To: "Marc Aurele La France" <yyy@xxxxxxxxxxx>, "Matt Seitz" <yyyyyy@xxxxxxxxx>
Subject: Re: Return type of dlsym
From: "Wojtek Lerch" <yyyyyy@xxxxxxx>
Date: Sat, 13 Apr 2002 02:32:50 -0000
Cc: <yyyyyyyyyyyyyy@xxxxxxxxxxxxx>
Marc Aurele La France <yyy@xxxxxxxxxxx> said:
> On Fri, 12 Apr 2002, Matt Seitz wrote:
> > Any suggestions for improving this idea?

The reason the C standard makes this undefined is because data pointers and 
function pointers may have different sizes on some platforms.  If you pick 
either one for the return type of dlsym(), converting to the other kind of 
pointers will lose some significant bits on some platforms.  If you want to 
make this work on all such platforms, you must make the return type of dlsym
() implementation-defined, and require a typecast.

Of course, you can instead say that you don't care about platforms that have 
data pointers smaller than function pointers; dlsym(), as currently defined, 
has no chance of working on such platforms anyway.

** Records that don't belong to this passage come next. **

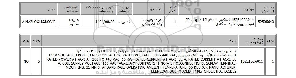 تلفن:5- 88349670 (021) فکس: 88349673 (021) Website: www.ParsNamadData.com E-mail: Info@ParsNamadData.com استعلام 1BZE162A011 کنتاکتور سه فاز 15 کیلووات 50 آمپر با بوبین تغذیه ... کامل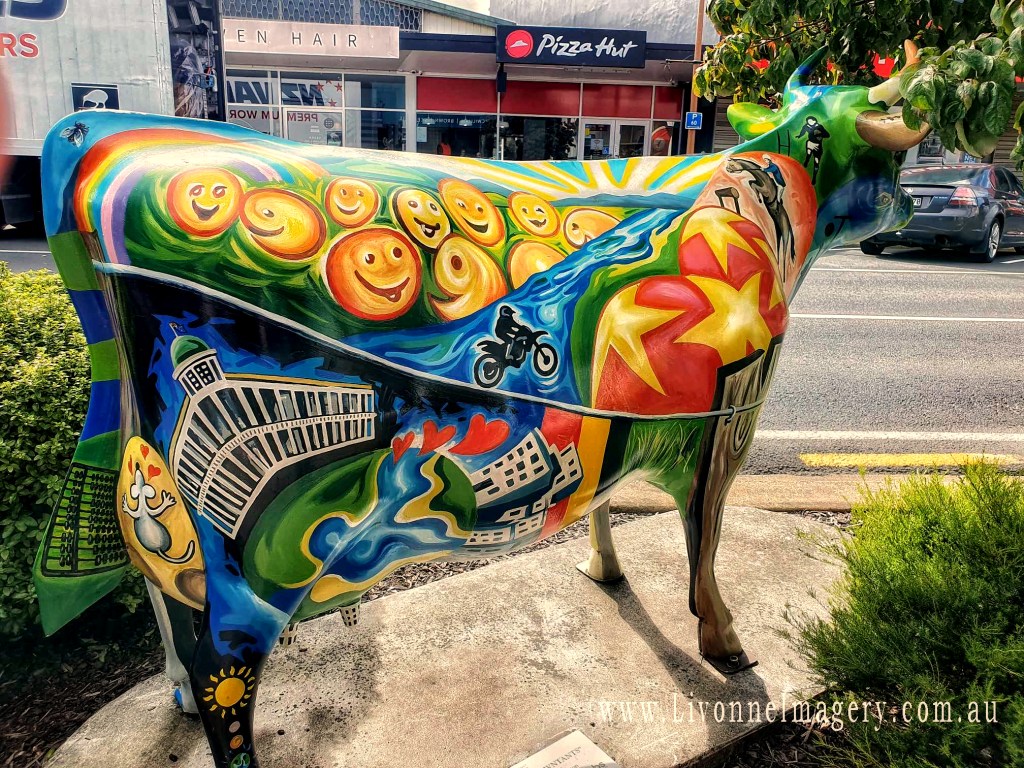 Anyway, after lunch we left the Hamilton Gardens and meandered home, detouring along the way to a town called Morrinsville. Morrinsville is one of New Zealand’s most prosperous dairy farming areas. So it stands to reason there is a large population of real life cows that go moo but what you might not expect to find is a group of 60 brightly coloured, artist designed, fibreglass cows which are scattered around the town.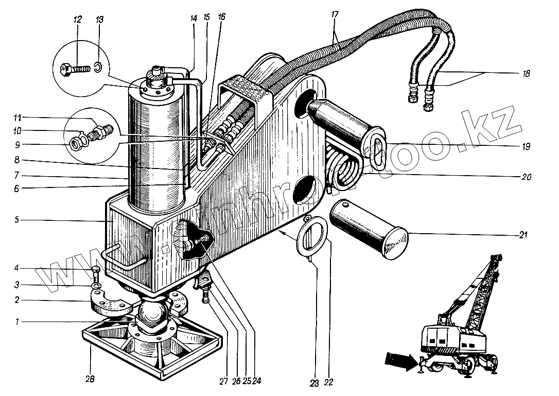 Каталог запасных частей к технике: ЮрМаш КС-4361А. Опоры выносные 4361А.11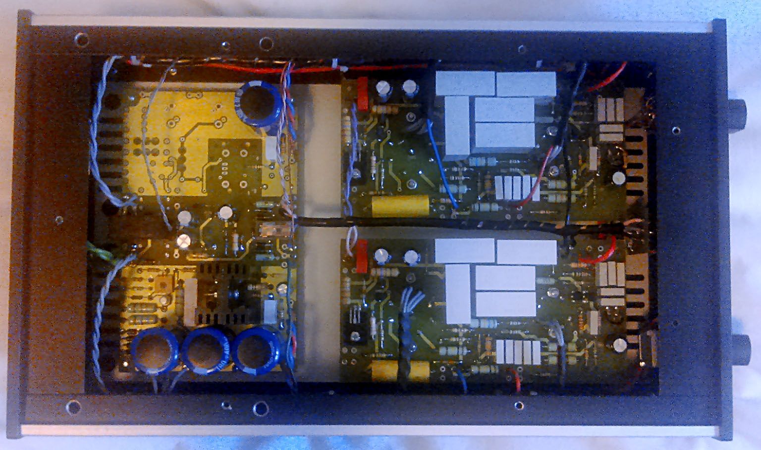 * Pažljivo filtriranje i regulacija napona napajanja – čak i prosječne slušalice lako reproduciraju signale reda mikrovolta, a SE topologije (što je efektivno način rada MT-OTL pojačala) u pravilu nemaju veliko potiskivanje smetnji iz napajanja. Ovakva situacija zahtjeva posebnu pažnju pri osiguravanju kvalitetnog, stabilnog i tihog napajanja sklopova pojačala. U oba pojačala napajanje je višestruko filtrirano, stabilizirano upotrebom niskošumne naponske reference i ponovno filtrirano kako bi se osigurao stabilan napon i stabilna izlazna impedancija napajanja.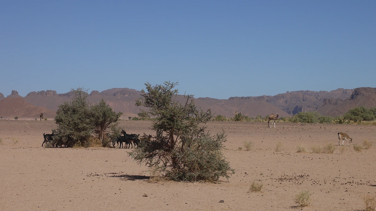 아프리카 자넷에서 찍은 사진. 여러 동물들이 나무에 들러붙어 잎을 뜯어먹고 있었다.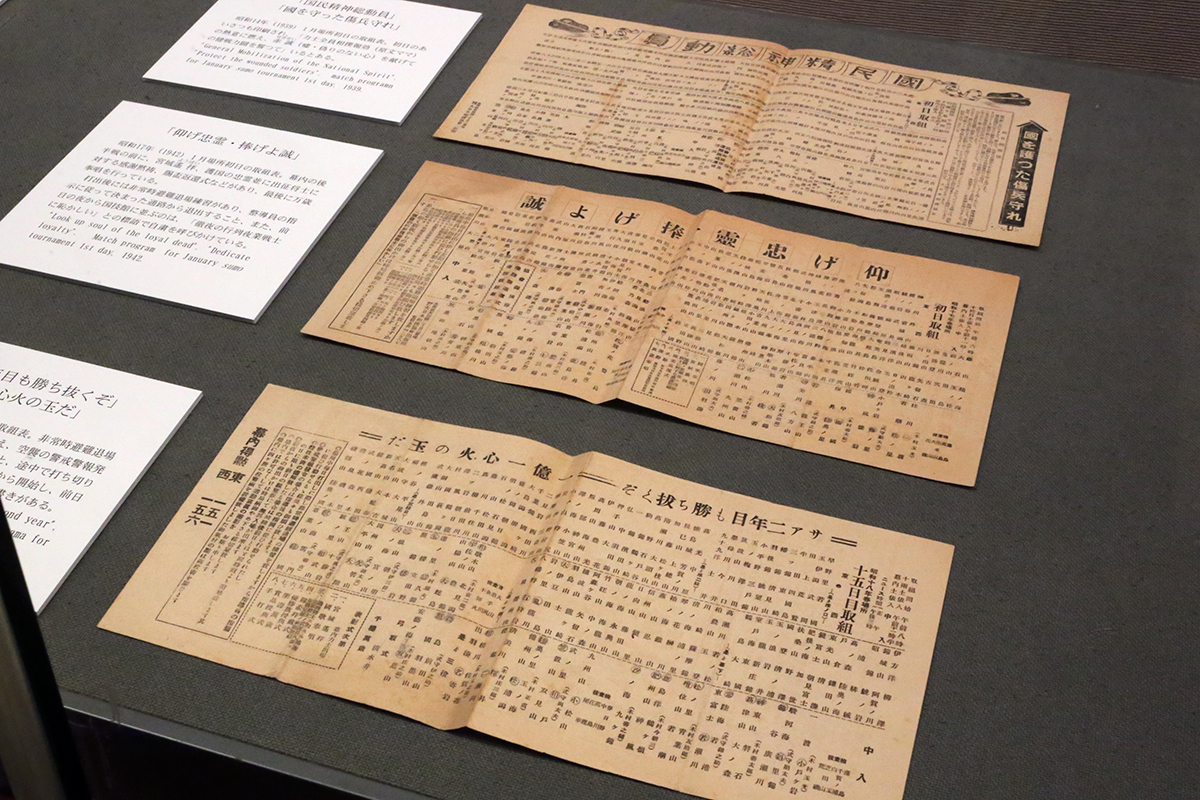 標語が書かれた取組表 (上から)「国民精神総動員」「國を守った傷兵守れ」(1939年1月場所) / 「仰げ忠霊・捧げよ誠」(1942年1月場所) / 「サア二年目も勝ち抜くぞ」「一億一心火の玉だ」(1943年1月場所)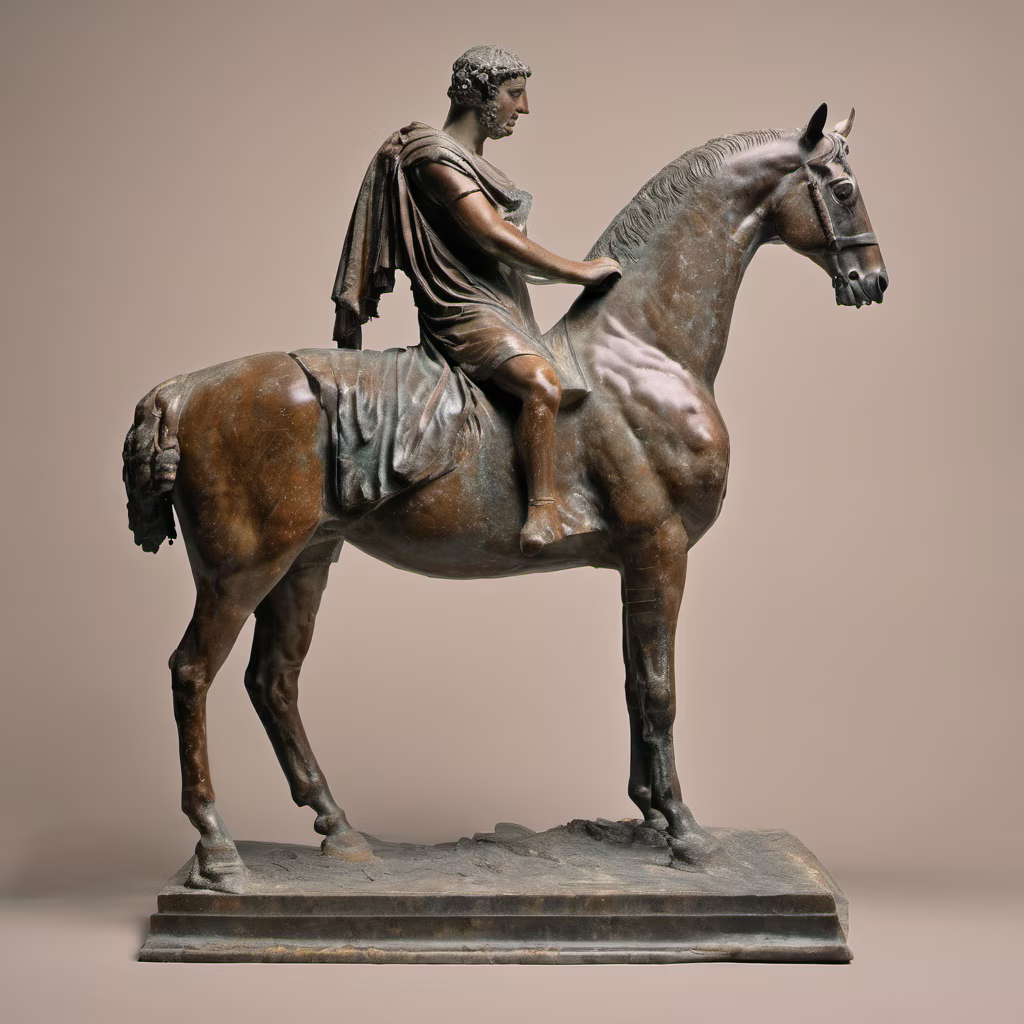 Prompt: a horse riding on a horse, old greek style, fine Line drawing

> Oddly enough, I recently ran into this in my own work.  What I ended up
> with is instead of
> 
>       fptr = (int (*)(int))dlsym(handle, "my_function");
>
> I did
> 
>       *(void **)(&fptr) = dlsym(handle, "my_function");
> 
> ... which is, I'll grant, a little kludgy, but is perfectly legal in
> ANSI or ISO C terms.

A little?

It's only "legal" in the sense that it doesn't require the compiler to issue 
a diagnostic; but it is undefined behaviour in ISO C.  And it's actually less 
portable than the original typecast:

  * On a platform where function pointers are smaller than data pointers, 
you're clobbering memory outside of the fptr variable.  A cast from void* to 
a function pointer would just work: yes, it would throw away the extra bits 
instead of storing them in some unrelated variable, but if the symbol you 
asked for indeed was a function, those extra bits would have all been 
insignificant anyway.

 * Even if function pointers are the same size as data pointers, their 
representation could be different.  Imagine a machine that stores function 
pointers as "big endian" (segment, then offset) but data pointers as "little 
endian" (offset, then segment).  A normal typecast would allow the compiler 
to swap the segment and the offset; yours doesn't.